» **TASK STATEMENT**:
Here is the task for the listing below: output exactly the lines from the one containing "Haki Karpiowe Bridge" through the one containing "Gaggenau CI282111 —", and leave out the pictures.

» **SUPPLIED INFORMATION**:
══════

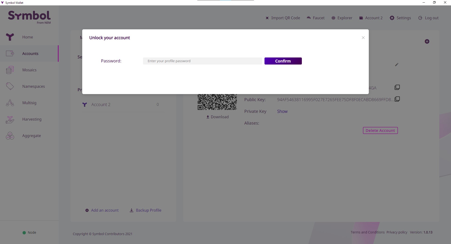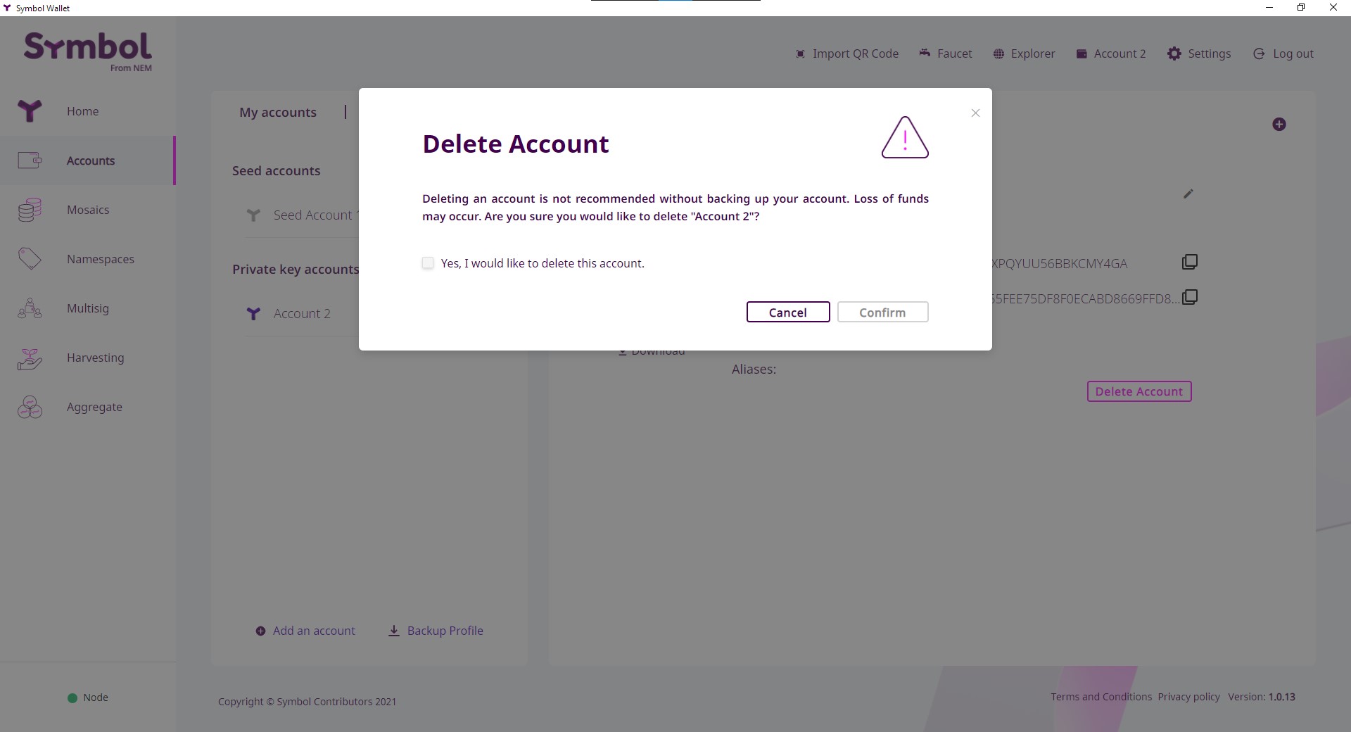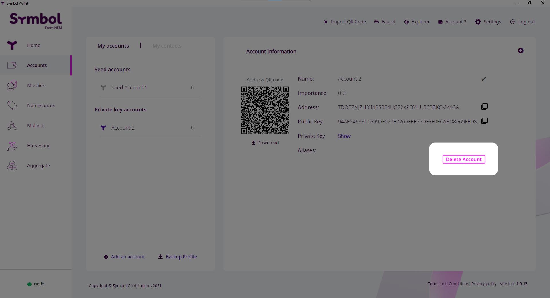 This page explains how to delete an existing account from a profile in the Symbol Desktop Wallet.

══════

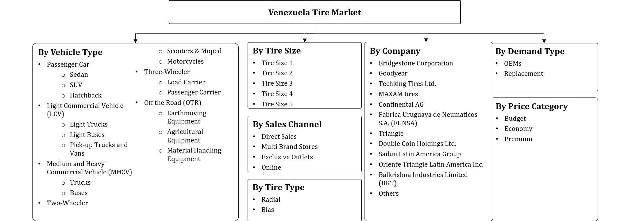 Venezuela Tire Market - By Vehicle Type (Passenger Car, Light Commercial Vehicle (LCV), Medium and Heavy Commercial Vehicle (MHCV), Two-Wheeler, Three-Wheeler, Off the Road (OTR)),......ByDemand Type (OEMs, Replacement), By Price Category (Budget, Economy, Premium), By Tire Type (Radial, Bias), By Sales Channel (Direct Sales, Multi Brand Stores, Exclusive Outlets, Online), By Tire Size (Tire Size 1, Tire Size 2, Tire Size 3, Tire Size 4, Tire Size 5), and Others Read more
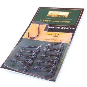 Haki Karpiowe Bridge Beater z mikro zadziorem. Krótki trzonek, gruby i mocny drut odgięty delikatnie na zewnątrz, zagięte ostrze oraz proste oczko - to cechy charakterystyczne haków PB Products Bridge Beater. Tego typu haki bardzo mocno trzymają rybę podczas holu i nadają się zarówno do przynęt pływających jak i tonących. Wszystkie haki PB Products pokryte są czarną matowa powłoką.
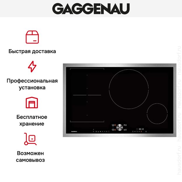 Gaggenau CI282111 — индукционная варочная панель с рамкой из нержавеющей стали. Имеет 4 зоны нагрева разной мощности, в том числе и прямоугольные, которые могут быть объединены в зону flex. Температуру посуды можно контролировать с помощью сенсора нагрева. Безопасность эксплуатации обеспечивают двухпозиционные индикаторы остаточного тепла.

══════

» **REPLY TO THE TASK**:
 Haki Karpiowe Bridge Beater z mikro zadziorem. Krótki trzonek, gruby i mocny drut odgięty delikatnie na zewnątrz, zagięte ostrze oraz proste oczko - to cechy charakterystyczne haków PB Products Bridge Beater. Tego typu haki bardzo mocno trzymają rybę podczas holu i nadają się zarówno do przynęt pływających jak i tonących. Wszystkie haki PB Products pokryte są czarną matowa powłoką.
 Gaggenau CI282111 — индукционная варочная панель с рамкой из нержавеющей стали. Имеет 4 зоны нагрева разной мощности, в том числе и прямоугольные, которые могут быть объединены в зону flex. Температуру посуды можно контролировать с помощью сенсора нагрева. Безопасность эксплуатации обеспечивают двухпозиционные индикаторы остаточного тепла.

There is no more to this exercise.